I think this could work for many cases, but be disastrous in my field. Type bloat and boxing are fine in a LOT of circumstances, but specialized container types + copious DTOs become a counterproductive guardrail when you're processing terabytes of data a day. At a certain point you'd have to use specialized language features like some of those introduced by c++ 20+ to tell the compiler how to work with your types and at that point you've added too much cleverness.
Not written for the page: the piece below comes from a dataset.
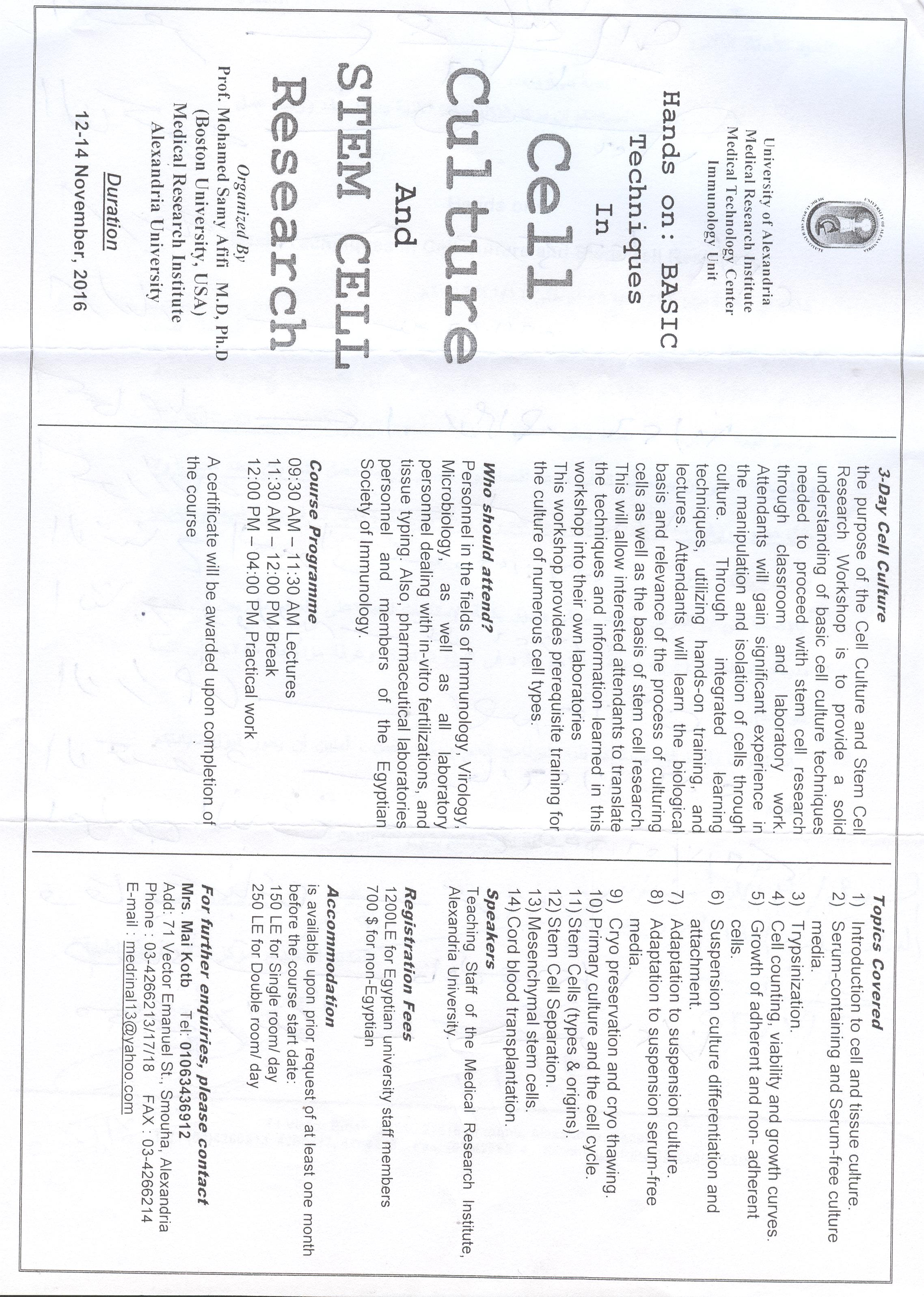 A seminar presented by Medical Research Institute of Alexandria University.

Neat idea, but I'd probably avoid it unless im feeling fancy and frisky.

[-]

garnet420@reddit

How does the use of these wrapper types interfere with throughput?

[-]

tubbstosterone@reddit

Usually has to do with things like SIMD operations, passing data between language layers, and byte packing requiring super strict type constraints. Gets weirder once the very few third party libraries we're allowed to use require their own typing constraints. We also often use python to bridge scientific code, so types there are really just mountains of dicts rather than individual values. Haven't worked on it in a while, but Java USED to be super eager to box and unbox unless you were right up on it with the typing. Starts to really hurt when you're bouncing millions of floating point values around and doing things like rolling slices.

Granted it's not as painful as I first thought with C and C++, where it just adds more cognitive overhead.
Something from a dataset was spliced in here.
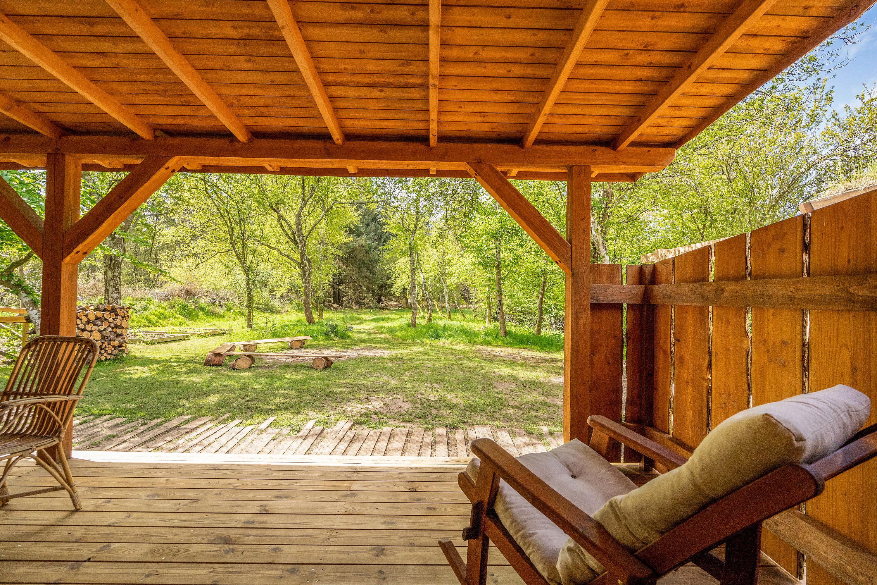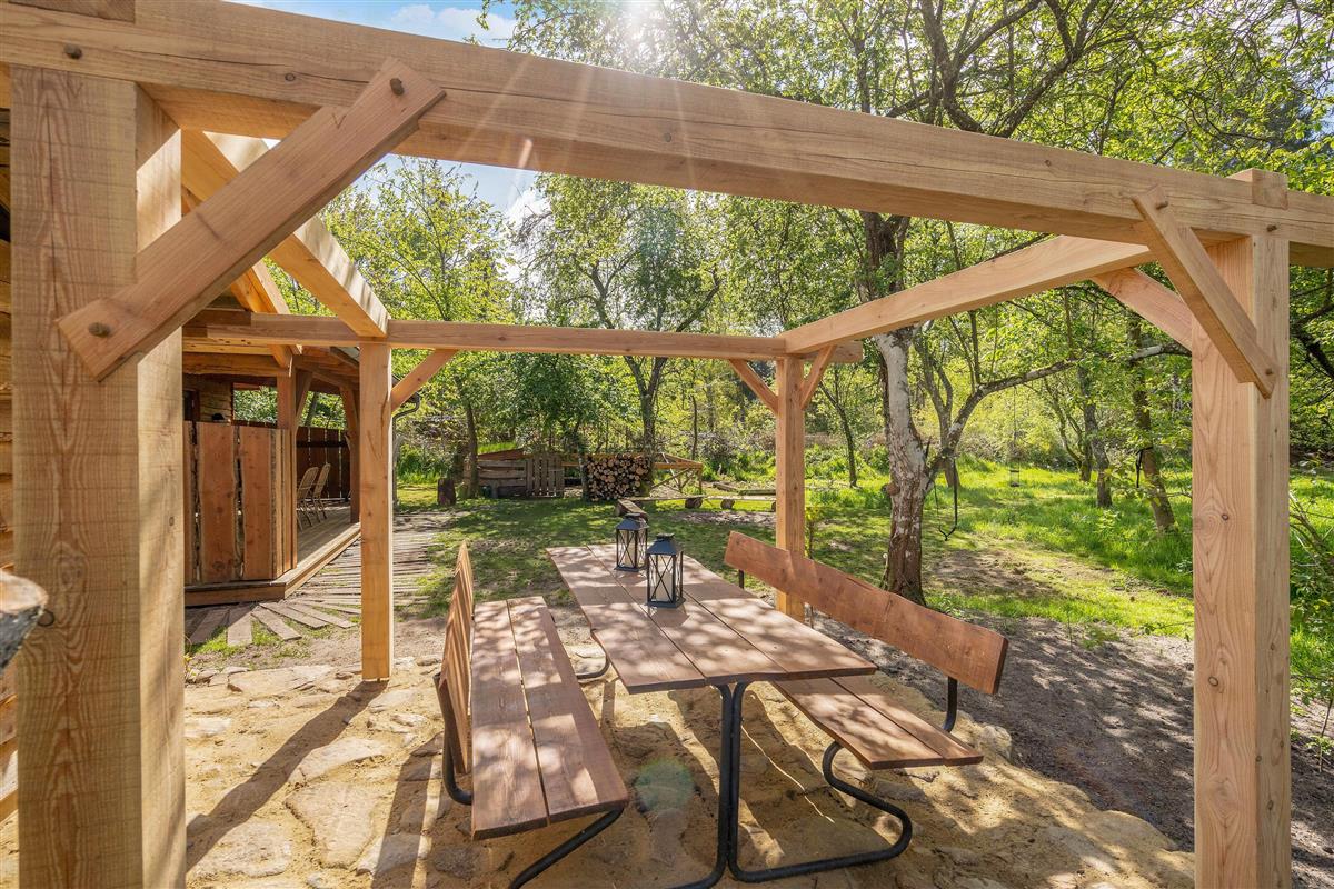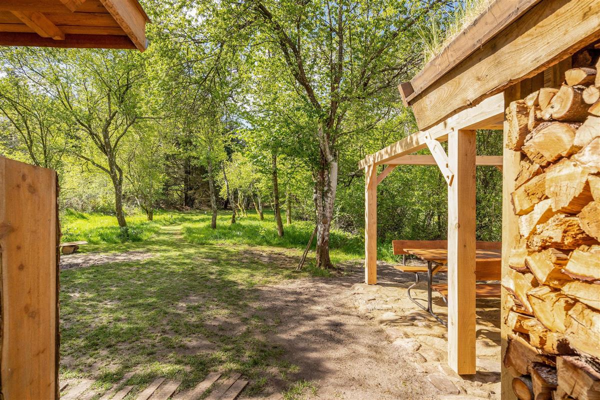 Several terraces surround the holiday home, including a large south-facing terrace with cover and screening. The grounds also feature a fire pit and a small, secure dog exercise area.
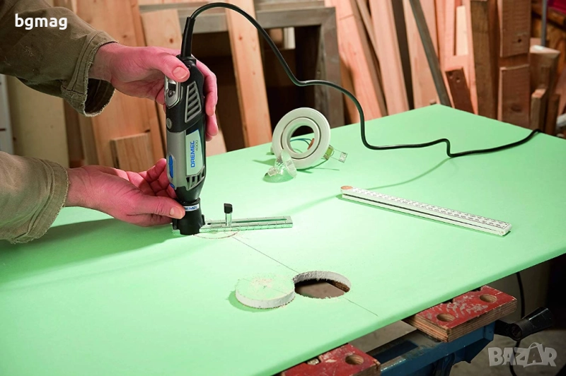 Лесно се свързва с вашия ротационен инструмент Dremel за правене на прецизни отвори, прави и кръгли срезове

No idea on the Rust-front. New blood may bring that into the org, but hiring freezes and turbulent times aren't helping there.

[-]

MEaster@reddit

In Rust, simple wrapper types like these:

struct OrderId(String);
struct Amount(i64);

Have an identical runtime representation as the inner type. You could still run into issues with some optimizations. For example, the standard library has some optimizations for creating a Vec filled with zero-values of certain types (that is, values where all the bits are zero) which wouldn't apply to the wrapper type.

[-]

krutsik@reddit

I agree with the general premise, but the example is bad.
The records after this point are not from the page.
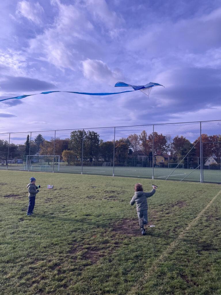 Bei ihrem ersten Ausflug ins ASKÖ Stadion ließen die Kinder der 1B Klasse verschiedenste Drachen steigen. Aufgrund eher windstiller Verhältnisse musste der Wind durch schnelles
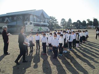 今日は鹿沼市合同音楽会の日です。楡木小は、今年度から全児童が参加します。合唱曲は「君の笑顔が好きだから」です。先陣として低学年児童が8時30分に出発しました。みんなとてもよい笑顔を浮かべています。
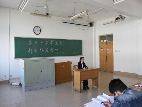 为了更好地服务大家并让更多人得到锻炼的机会,bw西汉姆联于3月份开始了2016年员工会的换届。在5号的全员笔试及8号的主席团面试拉下帷幕后,3月10号换届进入了各部门部长面试的环节。此次面试人员经笔试筛选后一共25名,评委均由第十五、十六届员工会主席团成员组成。下午2时,面试于12号教学楼412室正式开始。
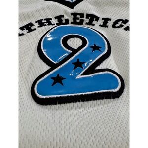 Mac Henry Athletics basketball jersey. This sleeveless top features a classic athletic design with a white body, blue and accents, and a large number '2' with star details on the front. The top has a V-neckline with striped ribbing and is made from breathable and lightweight material.
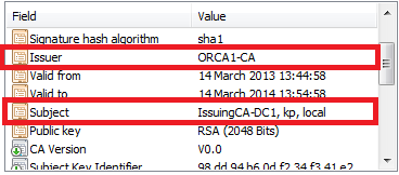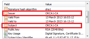 Subordinate CA certificate issued by ORCA1-CA

The application runs, pays out the wrong entity, credits the wrong amount, and nobody notices until a seller asks why they received ₦350 instead of ₦54,000.

The odds of there being a customer with an id identical to a shop and a shop with an id identical to a customer (assuming random UUID) is soooo astronomically low that you'll notice a ton of failed payments, before a single one actually goes through.

[-]

hl_lost@reddit

the last comment kinda misses it imo — sure you can still misuse it at the construction site, but you've reduced the surface area to one place instead of every function signature that passes ids around. compilers catching 90% of id mixups is still a huge win ngl

[-]

codeconscious@reddit

I very briefly had a bug in my F# application due to this sort of thing recently. I carelessly swapped the string parameters to a writeFile function so that I was passing JSON as the filename and vice versa. I decided to add an enclosing Json type to help prevent such silliness in the future.

let parseToSettings (Json json) : Result<Settings, CommandError> =

That syntax auto-extracts the inner string so that the function can access it directly. I consider this better than just passing a simply string, and I'm aiming to reduce primitive obsession where appropriate moving forward.

[-]

nsn@reddit

Did this in a codebase years ago - everything was a type, FirstName, LastName etc. Lead to a fuckton of boilerplate and still didn't prevent mistakes when receiving data via REST or when fetching data from external data sources.

Wasn't worth it after all and we ditched it for the next project.

I think the underlying issue is having functions that require seven strings as input in the first place.

[-]

Absolute_Enema@reddit

That's a more general issue of using static typing and a compile-modify dev cycle a context where most of the complexity is interacting with external systems outside of your control.

[-]

Valmar33@reddit

A good old struct is the best middle ground ~ along with adding checks and asserts for what the valid values of major fields should be.

[-]

o5mfiHTNsH748KVq@reddit

When I read the title I was in 100% agreement, then I glanced at the article.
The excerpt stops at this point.